Lunes 6 a.m. Despertadores suenan como locos en todas las habitaciones. Ducha, buscar los zapatos del uniforme, desayuno, merienda del colegio. Yo: 5 minutos de duda: "¿voy o no voy?". "Sí. Voy". Café, ropa de ejercicios.
7 a.m. Todos en la calle. Colegio, Clase de zumba.
Y arrancó el día...
8.30 a.m. Llego, reviso mails, instagram, facebook, LinkedIn, contesto mensajes de whatsapp. Desayuno.
9.30 a.m. Salgo a mi cápsula de moda en Tu Mañana en Telemetro. Maquillistas, peluqueros, producción.
10.30 a.m. Micrófono, camarógrafos, me dan mi pase y voy.
11.30 a.m. Cita para discutir una serie de talleres de imagen laboral para el personal de un banco.
1:00 p.m. Llego a casa, grabo videos para futuros posts, organizo cursos, promociones, sesiones de personal shopping con clientes privados.
2:00 p.m. Recoger niños en la escuela, almuerzo, bajón de azúcar de las 3pm. Otro café, por favor.
4:00 p.m. Me arreglo, me emperifollo y llego a un hotel a dar una charla de Moda y Estilo durante una hora a un grupo divino de mujeres profesionales que tiene una tarde de té.
6:00 p.m. Regresé y volví a salir de casa: niñas al ballet. Aprovecho para ir al parque a correr 45 minutos.
8:30 p.m. ¡Paz! Cena ligera, buscar opciones para una propuesta de uniformes modernos y fashion para una empresa corredora de seguros. Alguna compra en internet para mi tienda online.

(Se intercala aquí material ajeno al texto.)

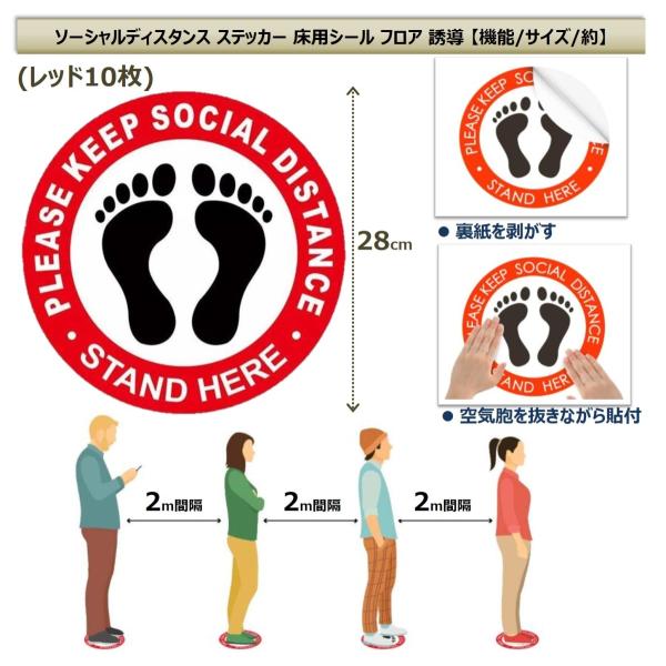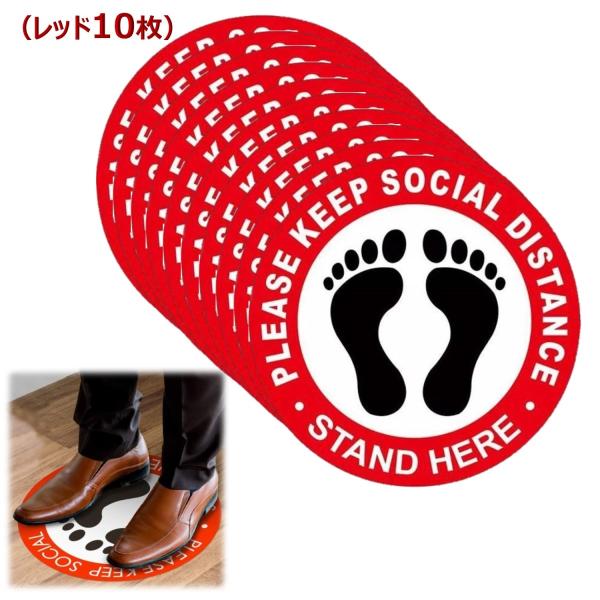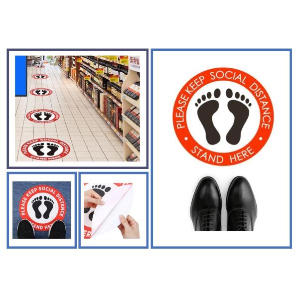 ソーシャルディスタンス ステッカー 床用シール フロア 誘導 ウォール シール サインプレート 標識 サイン 距離マーカー 足形 足型丸 社会的距離
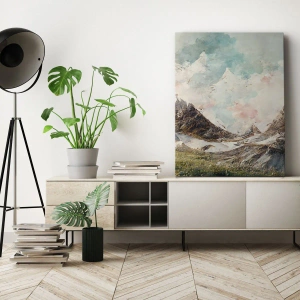 - Målningen avbildar ett pittoreskt bergslandskap med en pastellfärgad himmel. De fantastiska topparna, i harmoni med de fina färgerna, skapar det perfekta motivet för interiörer fyllda av lugn och inspiration.
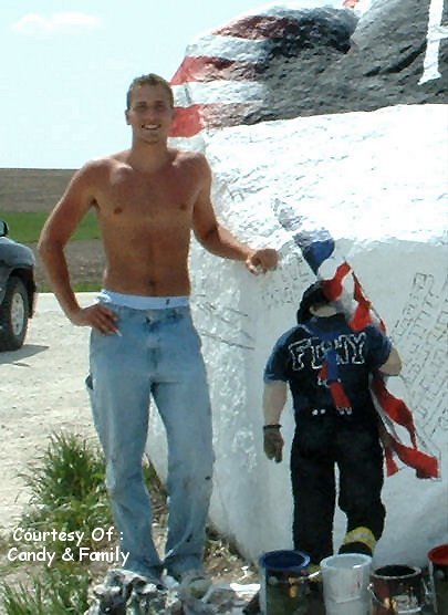 I'm told that there is a huge rock near a gravel pit on Hwy.25 in rural Iowa. For generations, kids have painted slogans, names, and obscenities on this rock, changing it's character many times. A few months back, the rock received it's latest paint job, and since then it has been left completely undisturbed. It's quite an impressive sight. Be sure to check out the multiple photos (all angles) of the rock. I thought the flag was draped over the rock, but it's not. It's actually painted on the rock too.
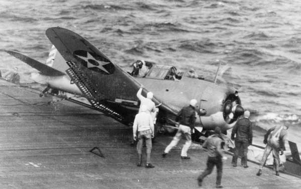 A U.S. Navy Douglas SBD-2/3 Dauntless of bombing squadron VB-6 crashes into the catwalk after catching an arrestor wire on the aircraft carrier USS Enterprise (CV-6) during operations in the Pacific, in early 1942. |

9:30 p.m. Bajando las revoluciones. Últimos mails y cotizaciones, mensajes de whatsapp a participantes de mis talleres.
11:00 p.m. Me arropo y veo un rato Netflix. Caigo en 20 minutos.
Y de nuevo mañana... ¡la vida!
¿Cómo se hace?
Decisión, organización, no retrasarme en nada, disciplina, hambre de vivir.

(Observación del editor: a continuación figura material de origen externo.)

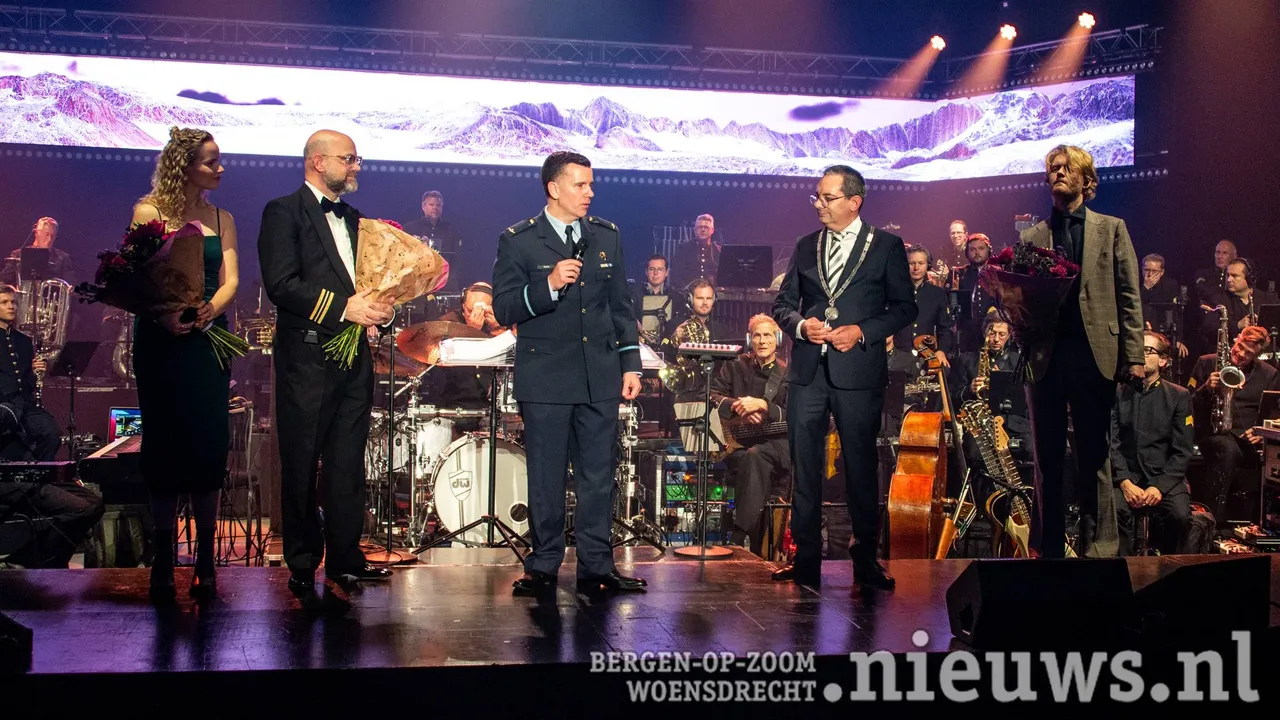 Na het nummer, 'Quarter Master' werden ook de technici bedankt zonder wie een optreden niet mogelijk zou zijn en na nog twee nummer was het afgelopen en kwam burgemeester Steven Adriaansen met bloemen het podium op om het orkest weer te bedanken voor een geweldig optreden
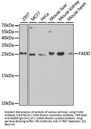 The protein encoded by this gene is an adaptor molecule that interacts with various cell surface receptors and mediates cell apoptotic signals. Through its C-terminal death domain, this protein can be recruited by TNFRSF6/Fas-receptor, tumor necrosis factor receptor, TNFRSF25, and TNFSF10/TRAIL-receptor, and thus it participates in the death signaling initiated by these receptors. Interaction of this protein with the receptors unmasks the N-terminal effector domain of this protein, which allows it to recruit caspase-8, and thereby activate the cysteine protease cascade. Knockout studies in mice also suggest the importance of this protein in early T cell development.
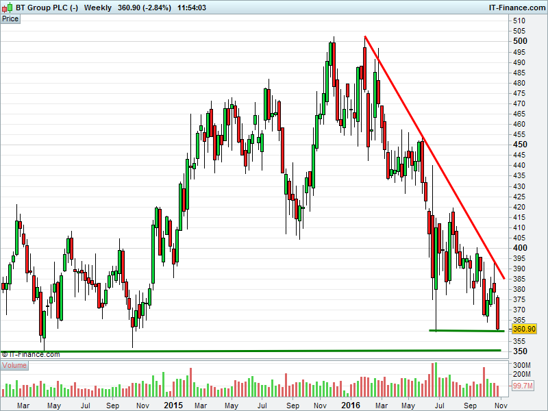 1. Will the price fall towards lows of 350p (-3%)? or;
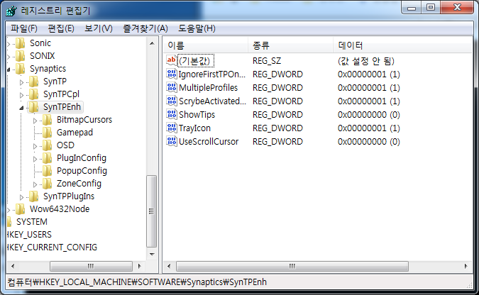 HKEY_LOCAL_MACHINE\SOFTWARE\Synaptics\SynTPEnh 밑에
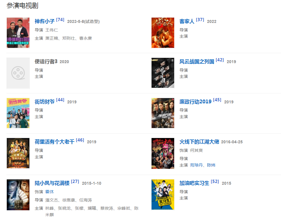 2019年12月11日,其出演的劇情式歷史紀錄片《風(fēng)云戰(zhàn)國之列國》開播;同年,主演劇集《荷里活有個大老千》和《街坊財爺》;同年,客串《廉政行動2019》。
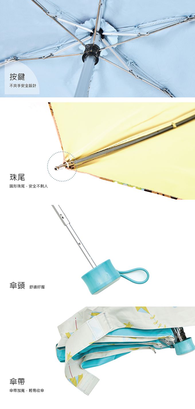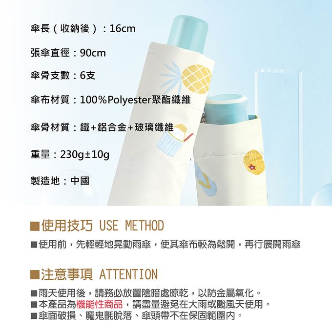 注意事項:1.雨天使用後,請務必放置於陰暗處晾乾,以防金屬氧化。 2.本產品為機能性商品,請盡量避免在大雨或颱風天使用。
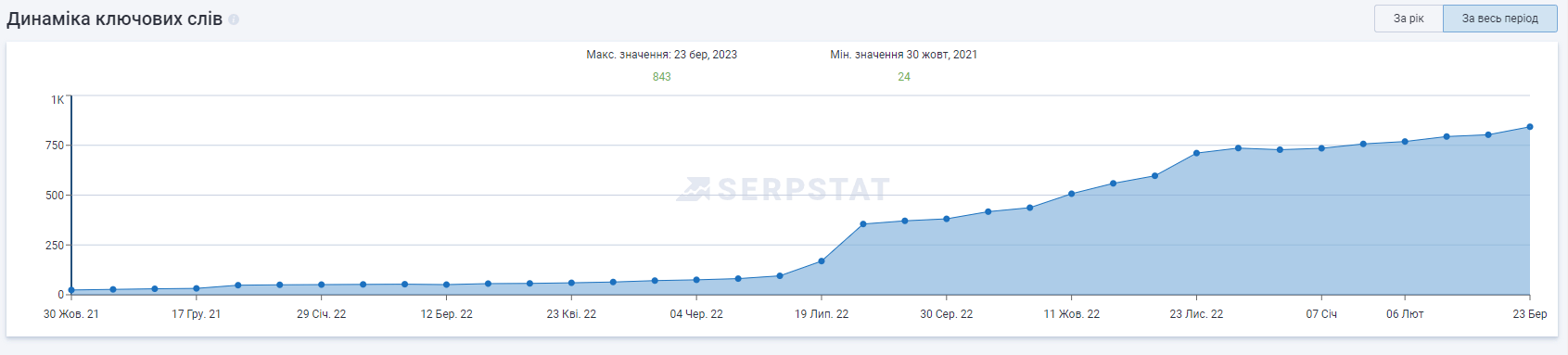 - Количество ключевых запросов у площадки от 3К, согласно Ahrefs.
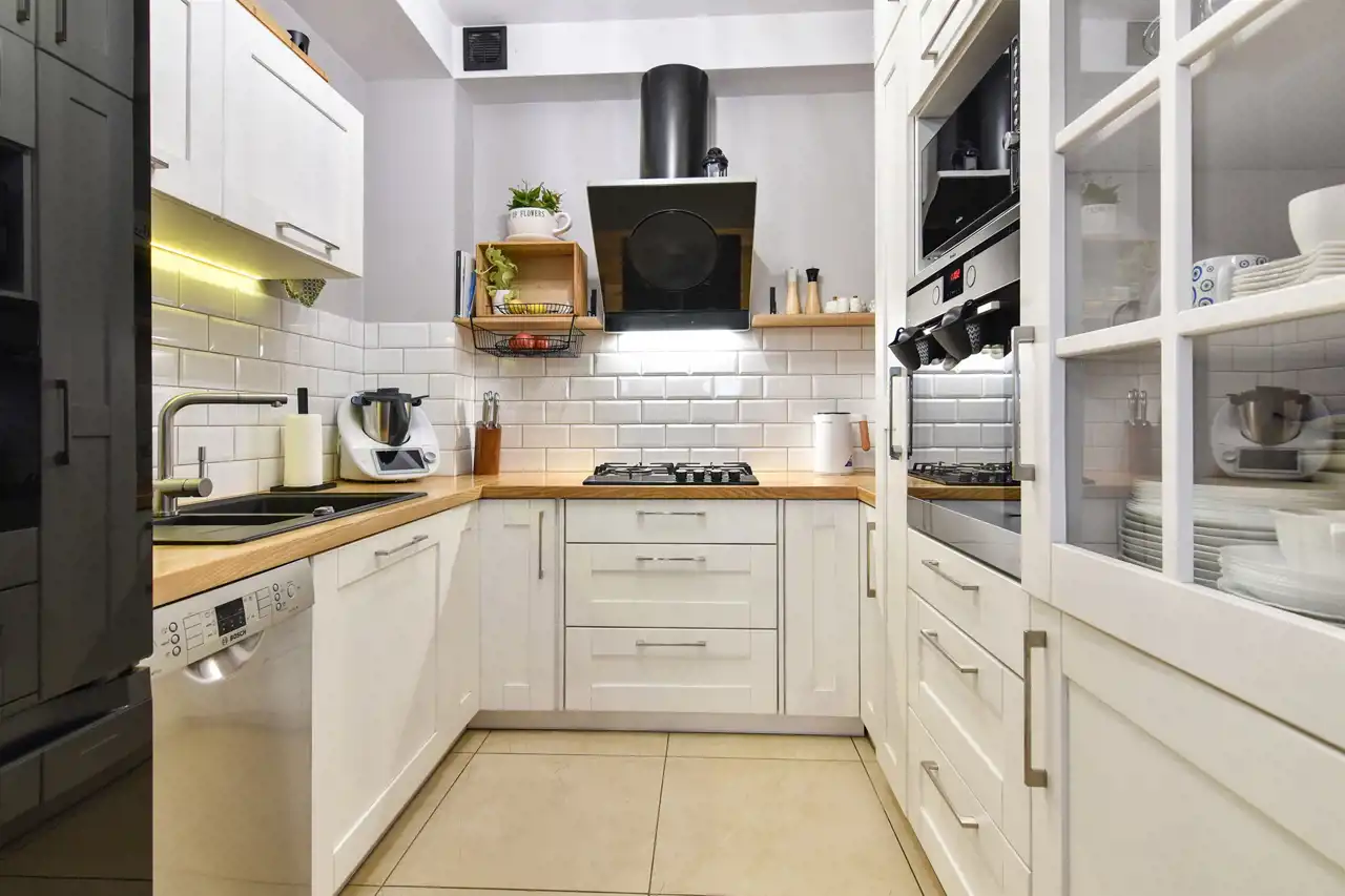 - położenie białych płytek na ścianach w korytarzu i salonie oraz kuchni (fartuch),

Fuerza de voluntad para levantarme a las 6 a.m. e irme a zumba. No para adelgazar, es porque me alegra la vida. Para mantener el peso corro en la noche.
Disciplina frente a la compu. No puedo dilatarlo o se amontona.
Organización: calendario con horas, calcular el tráfico, tener lista la ropa y el look siempre.
La bruja siempre sale. Yo controlo lo que puedo: exijo puntualidad mía, en la peluquería, en la modistería, y me encomiendo a... Las fuerzas de la naturaleza.
Ser mujer, mamá, trabajadora, hacer deporte, arreglarme lo mejor que puedo, dar el 100%. Es lo que hacemos nosotras. Cuando queremos. Como todo, es cuestión de decidirse.
La belleza, el éxito, la paz, la felicidad: son una decisión.
El camino: duro. Lo vale.
Y Tú: ¿cuál es tu plan, tu proyecto, tu meta? Los límites te los pones tú, solo tú, recuérdalo.